A 62-metre Doric column designed by Wren, exactly 62 metres from where the Great Fire of 1666 started in Pudding Lane. Climb the 311 steps to the viewing gallery for a panoramic City view and a certificate of ascent. Opened 1677.
Wren's masterpiece, built after the Great Fire destroyed the medieval cathedral in 1666. The dome (second largest in the world after St Peter's in Rome) took 35 years to complete. Churchill's funeral was here in 1965. The Whispering Gallery inside the dome is a marvel of acoustics.
Every English monarch since William the Conqueror (1066) has been crowned here. Seventeen monarchs are buried within — including Mary Queen of Scots, Elizabeth I and Henry V. Poets' Corner holds Chaucer, Dickens, Hardy and Darwin. The building itself, begun in 1245, is stunning.
The underground bunker from which Churchill directed the Second World War, kept exactly as it was on the day the war ended in 1945. One of the most moving museums in London — you walk the same corridors where history was made under the bombing of the Blitz.
The Cinnamon Club (Indian fine dining in a former Westminster library — eat where MPs lunch) or the more casual Red Lion pub on Parliament Street, which has served MPs since the 18th century.
The current Gothic Revival palace was built after the 1834 fire destroyed the medieval palace — though Westminster Hall (1097) survived and is the oldest part of the complex. Tours of the Lords, Commons and the medieval hall run throughout the year.
The only remaining part of the Palace of Whitehall — the grandest palace in Tudor and Stuart Europe, which burned down in 1698. Rubens painted the magnificent ceiling in 1636 (still in place). Charles I walked through the window to his execution on the scaffold outside in 1649.
Home to Queen Victoria (born here 1819), William III (who moved the court here from Whitehall) and Diana, Princess of Wales.
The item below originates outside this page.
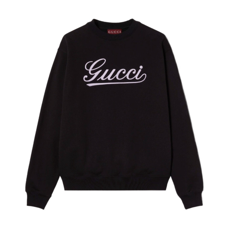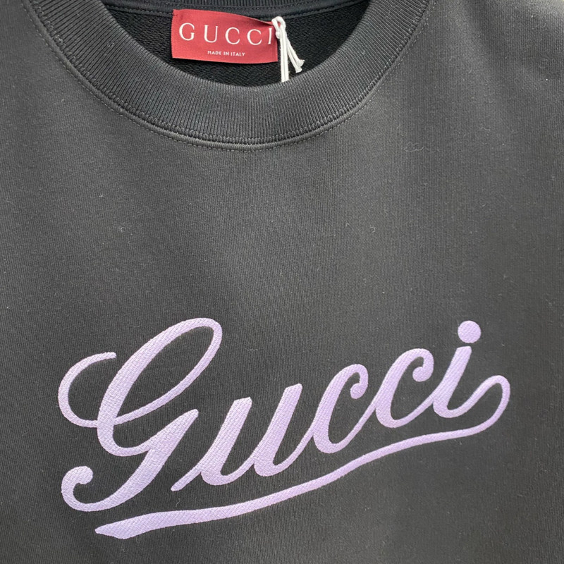 L码现货Gucci古驰 男士女士黑色宽松圆领卫衣紫色字母刺绣 784413

The State Rooms show 300 years of royal life. The gardens surrounding it — Kensington Gardens and Hyde Park — are among London's finest.
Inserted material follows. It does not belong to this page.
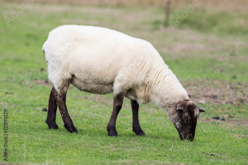 Fototapeta premium Sheep eating grass in a field

Eight million objects spanning 2 million years of human history — the spoils of empire, though also items purchased, gifted and excavated. The Rosetta Stone, Elgin Marbles, the Lewis Chessmen, Egyptian mummies and the Sutton Hoo helmet are all here, free, every day.
The neighbourhood around the museum was home to Virginia Woolf, E.M. Forster, John Maynard Keynes and Lytton Strachey in the early 20th century. The Charleston Farmhouse crowd. Walk Gordon Square, Tavistock Square (where Gandhi's statue stands) and the British Library on Euston Road.
The British Library café is better than it sounds. Or walk five minutes to Granary Square at King's Cross — a regenerated Victorian goods yard now full of good food options including Caravan and Dishoom.
Covers every conflict Britain has been involved in since 1914, but particularly powerful on the World Wars. The Holocaust Exhibition is one of the most comprehensive in the world outside Israel. The atrium has a Spitfire, a V2 rocket and a section of the Berlin Wall. Free entry.
South of the river, this stretch has the Archbishop of Canterbury's Lambeth Palace (900 years of continuous occupation), the Garden Museum in a former church, and MI6's headquarters at Vauxhall Cross (the building used in James Bond films).
A neighbourhood transformed from 1960s concrete to a diverse dining scene in a decade. Mercato Metropolitano (a giant Italian food market in a former paper factory) has 40+ vendors and is one of London's best evening food destinations.